Highly effective and selective synthesis of cyclic compounds utilizing reactivity of electron-deficient alkenes

2023 Fiscal Year Final Research Report

• Project/Area Number: 19K05476
• Research Category: Grant-in-Aid for Scientific Research (C)
• Allocation Type: Multi-year Fund
• Section: 一般
• Review Section: Basic Section 33020:Synthetic organic chemistry-related
• Research Institution: Nara University of Education
• Principal Investigator: YAMAZAKI Shoko 奈良教育大学, 理科教育講座, 教授 (50182481)
• Project Period (FY): 2019-04-01 – 2024-03-31
• Keywords: 電子欠乏性アルケン / 分子内環化反応 / 環化付加 / Knoevenagel縮合 / ヘテロ環 / 炭素環 / スチレン / アルキン

Outline of Final Research Achievements

Highly effective and selective synthesis of cyclic compounds utilizing reactivity of electron-deficient alkenes has been achieved.
Inter- and intramolecular cycloaddition of ethenetricarboxylates with styrenes in the presence of Lewis acid gave cyclobutanes, stereoselectively.

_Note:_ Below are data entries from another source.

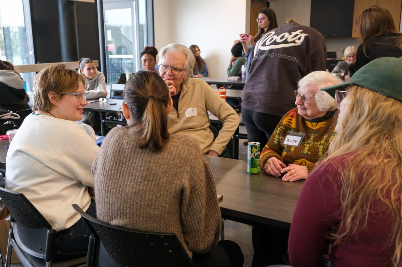 So for this year’s class, Russell invited older adults to join the course as volunteers. Dozens of people aged 65 and up expressed interest, and 13 were selected. They don’t pay tuition, write exams, or get academic credit. But they attend lectures, ask questions, share their experiences and get to know the students in the class.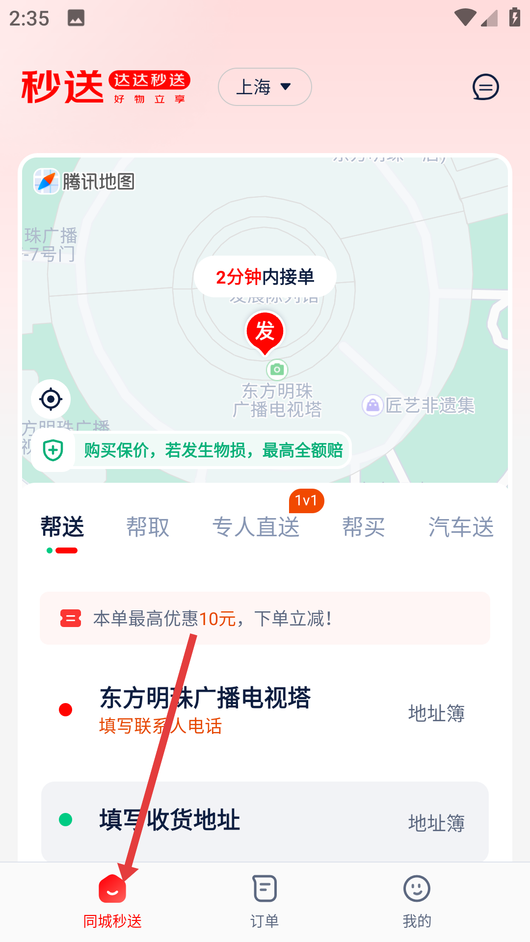 1、打開(kāi)達(dá)達(dá)快送APP默認(rèn)進(jìn)入同城秒送頁(yè)面,這里接入騰訊地圖,清晰顯示下單地點(diǎn),有幫送、幫取等服務(wù)分類(lèi),輸入收發(fā)地址、聯(lián)系人電話就能下單。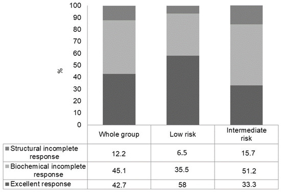 In the initial biochemical incomplete response subgroup (low- plus intermediate-risk patients) (n = 82), in the long-term follow-up, an excellent response was observed in 35/82 (42.7%) patients, a persistent biochemical incomplete response in 37/82 (45.1%) patients and a structural incomplete response in 10/82 (12.2%) cases (Figure 2). The rate of excellent response was significantly higher in low-risk PTC patients (58.0%) than in intermediate-risk PTC patients (33.3%) (p = 0.007) (Figure 3).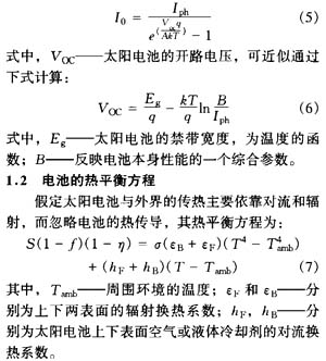 由上述模型可以看出,太陽(yáng)電他的輸出特性和工作溫度不可能通過(guò)分析解來(lái)得到,必須通過(guò)迭代和數(shù)值模擬的方法得到。計(jì)算方法是通過(guò)熱平衡方程得到太陽(yáng)電他的工作溫度,然后通過(guò)太陽(yáng)電他的電特性方程計(jì)算電他的伏安特性,得到太陽(yáng)電他的峰值輸出功率、轉(zhuǎn)換效率等參數(shù),然后再把新的轉(zhuǎn)換效率代入熱平衡方程進(jìn)行新一輪計(jì)算,直到滿足計(jì)算精度為止。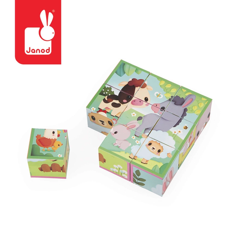 Janod – Klocki Układanka Farma | 9 elementów, 6 obrazków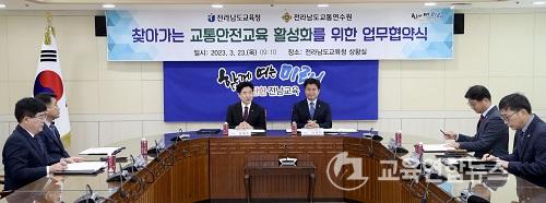 ¡¼¹«¾È=±³À°¿¬ÇÕ´º½º¡½¹Ú»ó¿õ ±âÀÚ= Àü¶ó³²µµ±³À°Ã»°ú Àü³²±³Å뿬¼ö¿øÀÌ 23ÀÏ(¸ñ) Àü¶ó³²µµ±³À°Ã» »óȲ½Ç¿¡¼ ¡®Ã£¾Æ°¡´Â ±³Åë¾ÈÀü±³À° Ȱ¼ºÈ¡¯¸¦ À§ÇÑ ¾÷¹«Çù¾à(MOU)À» ü°áÇß´Ù.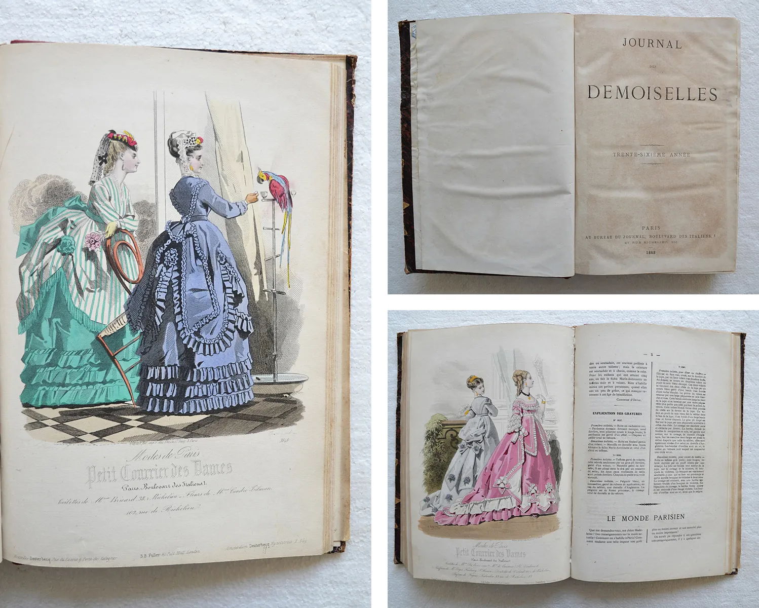 Très rare ensemble, comprenant le Journal des Demoiselles de l’année 1868 avec, relié à la suite, les douze fascicules de l’Écho du Petit Courrier des Dames.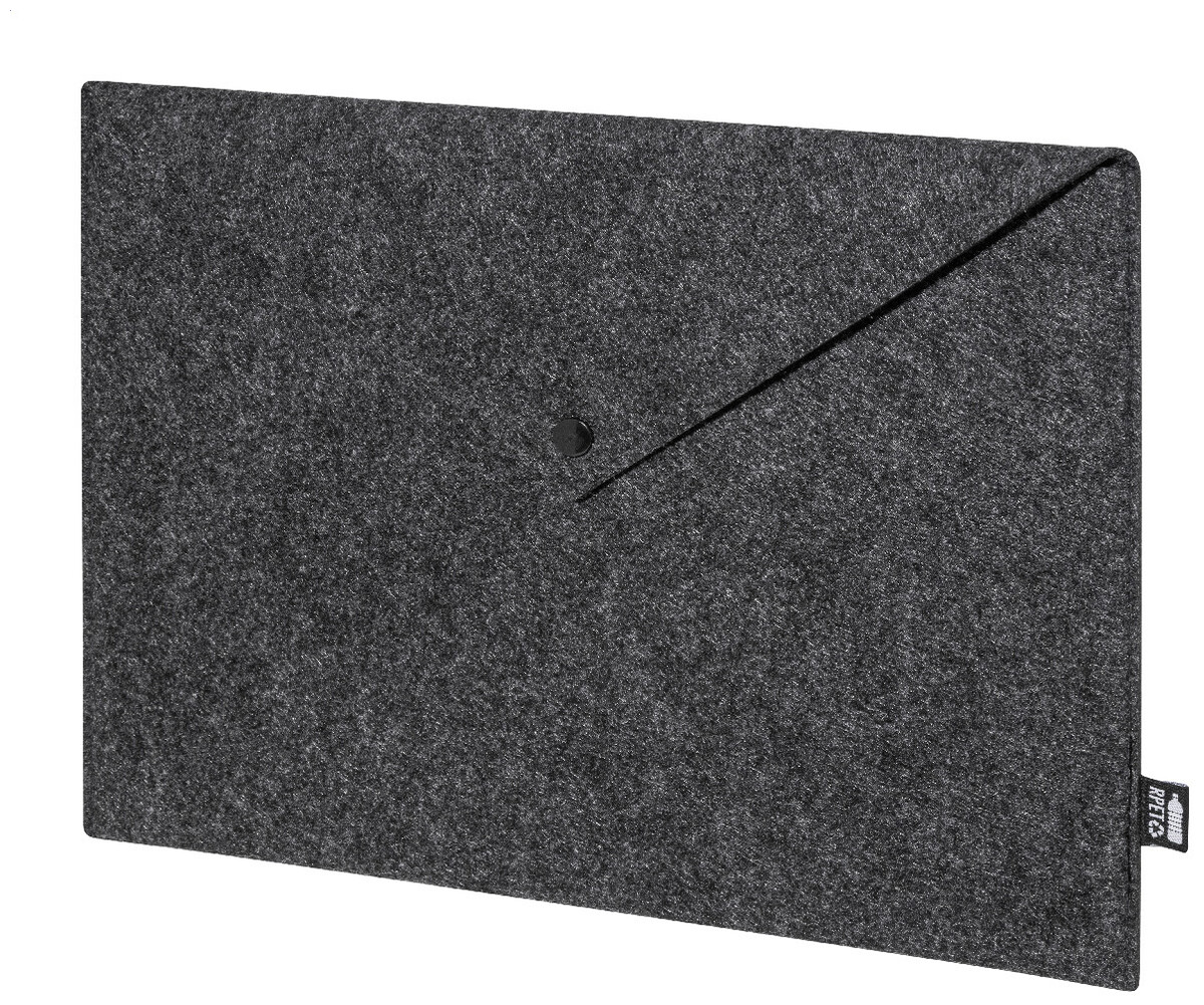 Taška na dokumenty nebo pouzdro na notebook z RPET plsti s knoflíkovým zapínáním. Vhodné pro notebooky do 13". S výrazným štítkem RPET.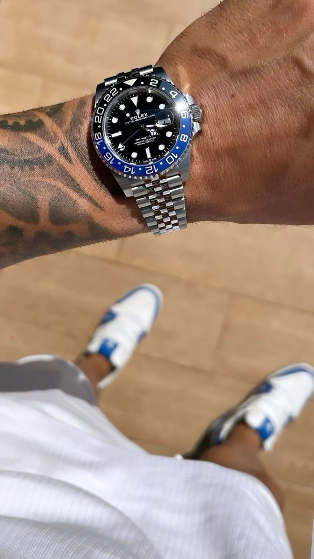 روی مچ، GMT-Master II ساعتی است که بیشتر از زمان نشان میدهد. بزل دو رنگ سرامیکی فوراً توجه را جلب میکند، اما وقتی عقربه چهارم را میبینید که مستقل از عقربه ساعت اصلی حرکت میکند، درک میکنید با یک ابزار واقعی طرف هستید. حس چرخاندن بزل و شنیدن کلیکهای منظم آن، تجربهای لمسی است که هر بار تکرارش لذتبخش است.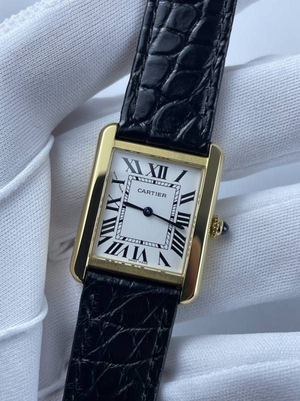 (준비완료/특급배송)NO.1308/AF공장 까르띠에 탱크솔로 24 옐로우골드금장 화이트다이얼 가죽스트랩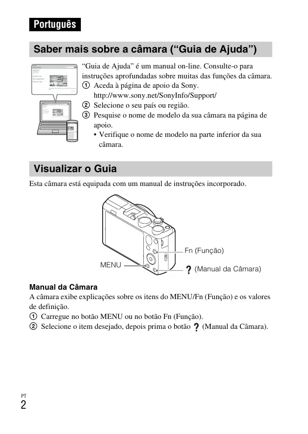 - Verifique o nome de modelo na parte inferior da sua câmara. Visualizar o Guia Esta câmara está equipada com um manual de instruções incorporado. Fn (Função) MENU (Manual da Câmara) Manual da Câmara A câmara exibe explicações sobre os itens do MENU/Fn (Função) e os valores de definição. 1 Carregue no botão MENU ou no botão Fn (Função). 2 Selecione o item desejado, depois prima o botão (Manual da Câmara).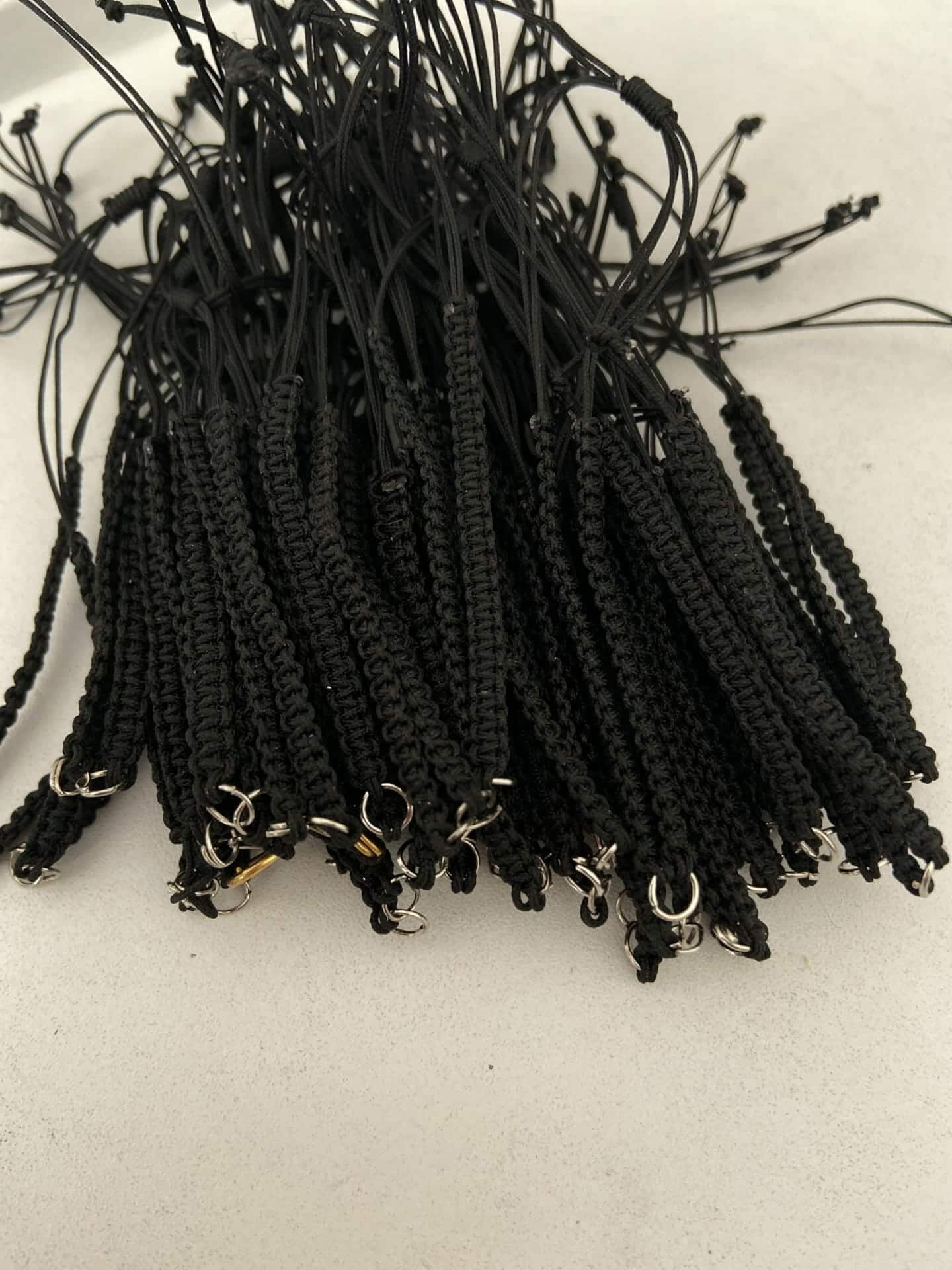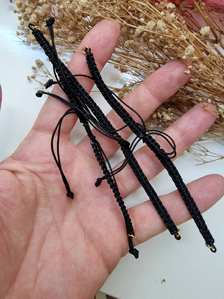 Hazır bileklik ipleri elde örülerek yapılır.

The intramolecular reactions of styrene-functionalized ethenetricaroxylate amides showed high diversity of reaction modes. Heating α-bromostyrene-functionalized amides of monomethyl fumarate with Et3N gave 1,4-dihydronaphthalenes. Dehydrogenation of various 1,4-dihydronaphthalenes gave naphthalene derivatives. Intramolecular cyclization reactions of arylpropargyl amides of electron-deficient α,β-alkenyl carboxylates gave benz[f]isoindolines and aroyl pyrrolidines depending on the reaction conditions. Sequential Knoevenagel condensation/cyclization leading to indenes and benzofulvenes have also been developed. The reaction mechanisms have been studied using DFT calculations.

Free Research Field

有機合成化学

Academic Significance and Societal Importance of the Research Achievements

高温、低温を必要としない、ワンポット多結合形成による、低エネルギー型、短工程の環化合物骨格の選択的な新合成反応開発を達成した。環境負荷軽減に貢献することができる。
種々の置換基を用いて電子的、立体的効果による反応性、選択性の違いを調べ、計算化学を用いて、起こりうる反応経路を詳細に調べることにより、反応が成功する鍵となる因子、選択性を解明した。蛍光などの物性を持つ多修飾環化合物の合成も達成した。含窒素、酸素などのヘテロ環、炭素環をもつ生物活性のある物質や、機能性有機材料開発が期待される。